Buena parte de los problemas políticos de este país es que es muy pequeño, y que, exageradamente politizado en ámbitos muy reducidos pero muy influyentes, hace que las cuitas personales se disfracen de razón política. Cuando más reduces el foco, más se aprecia. Y unas elecciones provinciales son el escenario perfecto para ello. Tomemos el caso alavés. EA tiene cinco de cincuenta y un junteros, casi el doble de lo que es este partido cuando se ha retratado él solo en este territorio. Sin embargo, tiene alcaldes muy consolidados -los más importantes lo son desde 1987- en cinco localidades, que se caracterizan por ser los núcleos que siguen en población a las dos grandes concentraciones de la capital y Llodio (vg. Amurrio, Salvatierra, Asparrena, Alegría). Ello les proporciona una posición cualitativa interesante, a mucha distancia de lo que siguen siendo números más bien magros. Lo sintetizaba muy bien Isasi, alcalde de Amurrio, la última noche de elecciones municipales y forales: «Araba, si no fuera por Gasteiz, sería mayoritariamente nacionalista». El problema es ése, que está Gasteiz; que en algunos casos las dimensiones del territorio gobernado no se ponen en parangón con la proporción de ciudadanos bajo tu mando. La ensoñación municipalista típica del nacionalismo le puede jugar una mala pasada al confundir el territorio, el número de localidades en presencia, con los ciudadanos, con la realidad cuantitativa de ésta.

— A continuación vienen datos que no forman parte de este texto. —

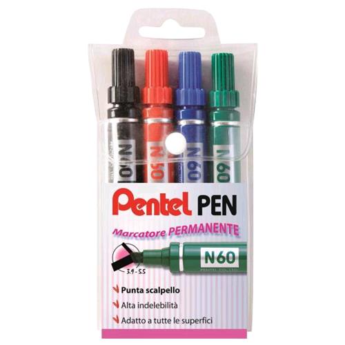 PENTEL N60 MARCATORE PERMANENTE PUNTA A SCALPELLO 3.90/5.50 mm COL. ASSORTITI CONF 4 Pz.
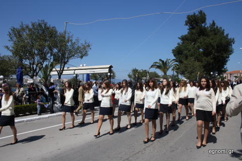 Καλύτερα από τους συμμαθητές τους παρέλασαν οι μαθήτριες του Γυμνασίου Κανήθου (φωτό κάτω).
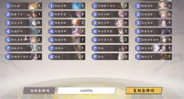 说回我分享的灵卡组,是我一直以来上分用的卡组,优点是前中后期都可以打,基本不会有很大的劣势情况,缺点是后期拖不过阴阳雷,重在打节奏的一套卡组,组了绝对赢多输少,有我独特的一些见解,既不缺大哥,削血能力也强,感兴趣的朋友可以组组看试一下,卡组本身有那么一点小贵,但是很多东西都是可以替代的,希望大家喜欢

A la vez, la personalidad y el tirón individual de esos alcaldes, con mucha y muy cercana trayectoria de gestión municipal, puede estar en la razón verdadera del voto, en concreto en este caso, a EA, y no tanto adhesiones a idearios o presuntas identificaciones de un espacio específico en el solar nacionalista. No es nada casual que donde más importante es EA, proporcionalmente, en Guipúzcoa, sea donde patrocina la continuidad de la relación con el PNV. Ni que en ese lugar hayan prosperado las tesis más cabales y serias en aspectos como la gobernabilidad del país, la realidad plural de éste o la respuesta a la violencia terrorista.

Al final, algunos han visto en este desmarque un debilitamiento de la posición nacionalista en el preciado escenario municipal y provincial. ¿Quién sabe? Hay también mucho votante del PNV que cada vez llevaba peor algunas frivolidades en la acción política y en la palabra de significados dirigentes de EA, y no creo que reciban sin alborozo esta disposición a retratarse en solitario de los de Errazti. Y además, la ciudadanía tiene que apreciar y reconocer la posible aportación de este partido, con esta decisión, a la simplificación de un mapa político vasco tradicional y excesivamente poblado e innecesariamente engorroso. Algunos recursos a la supervivencia, hasta ahora, lo habían complicado. Quizás ahora la misma solución, dada a la inversa, sirva para hacerlo un poco más sencillo. Se agradecerá.